In my opinion, the best resource to start with is g6pddeficiency.org. This is a lay website put together by someone who has been a patient and advocate and worked with the g6pdd community for a lifetime. Much like corn allergy, doctors don’t give a lot of guidance on how to actually live a healthy life with the condition and prevent flares. They don’t even give a complete list of medications to avoid although they at least know of the worst medication triggers. (Well, some doctors know anyway.) g6pddeficiency.org is the most conservative list of avoidance advice out there, and IMHO that’s the best advice to follow for the sake of safety.
What This Means For Me
Well, my ER packet is 3x longer than it used to be and has a table of contents now, so that’s fun. I made sure to keep the hematologist who diagnosed me with the condition on my physician consult list because if I end up in an emergent or surgical type situation we’re really going to need her. I’ve already run into some complexities trying to get medical care for other conditions- I have arthritis symptoms as part of my MCAS reactions and my rheumatologist wanted to prescribe Plaquenil which is a big nono for G6PDD. That sucks because it sounded like it could help out a lot. I’m also seeing some concerningly blase attitudes about the condition from doctors, and am not sure how seriously they’ll take it in a more urgent situation like a hospital setting. That worries me some.

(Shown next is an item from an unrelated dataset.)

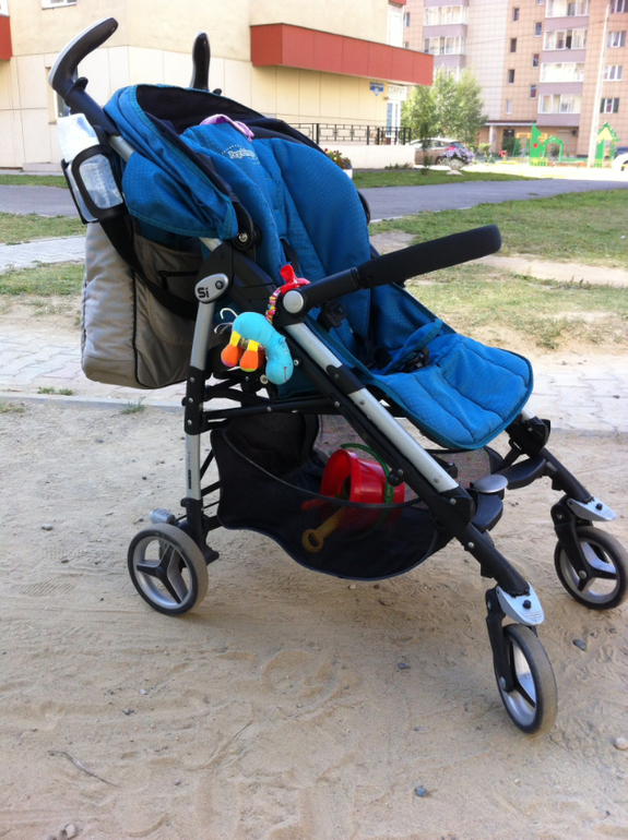 Летом она жила в машине, пользовалась ей , когда ездили гулять с дочей далеко от дома, к бабушке, на даче.... И минусы конечно почувствовались быстро. Первое, что меня н радовало, она дребезжит по дороге, даже по почти ровной, не сильно страшно, но как оо не очень, проехать по не асфальтированной дороге можно, но понятно без удовольствия) ребенок засыпал, я начинала раскладывать спинку, она раскладывалась рывком, потом привыкла и придерживала ее коленкой, что тоже не очень удобно. В положении лежа кап не спасал ребенка от солнца совсем! Приходилось наматывать палантин. Чехла на ноги нет, правда к й отлично подошел чехол от нашей первой коляски. Дождевика тоже нет и у меня не доходили руки найти дождевик на трость....
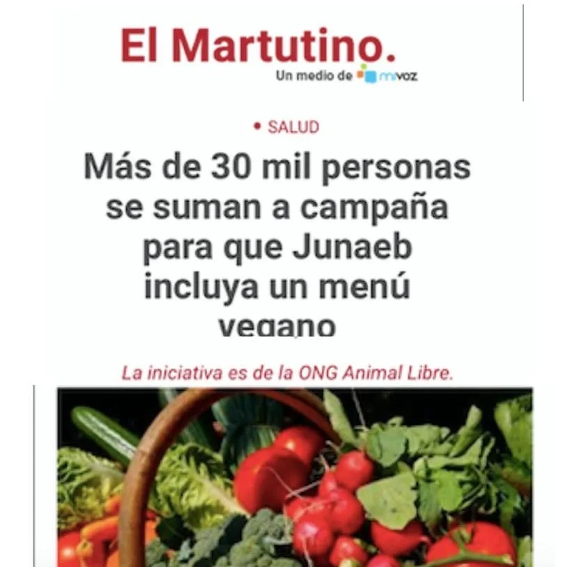 📣Los medios hacen eco de nuestro alcance de 30 mil personas que han firmado para que @gobiernojunaeb incorpore una opción de menú vegano en el Programa de Alimentación Escolar.

If I didn’t already have the corn allergy, the dietary and lifestyle changes would be a much bigger deal. All vitamin fortification is an issue for g6pdd. Cross contamination with soy like pre-seasoned cast iron pans using soybean oil as a seasoning , or ingredients that are commonly soy derivatives such as glycerin, xylitol, etc, or any and all added vitamins are problems for g6pdd and are overwhelming for newbies. On the other hand, I was already avoiding these things because they are also frequently corny.
I’m not able to eat the corn free legumes I had anymore, but that’s fine tbh. It’s a little bit of a pivot and I’m worried about having a lack of protein source variety. If I have too few options and have an interruption in food supply I could end up going hungry. I ran out of beef for a month once and lost like 15 lbs that I didn’t actually have to lose. But the amount of fatigue I had when I was eating them was so bad that it feels well worth it.
I’m really glad overall to have a certain amount of control over whether I destroy blood again. However it’s not 100% control. If I get sick or have a big reaction, or if I have an airborne exposure to chemicals (or fava bean pollen, apparently!) I could still hemolyse, and there would be no preventing that. But I can do a lot to maintain my health and lessen the chance of hemolysis.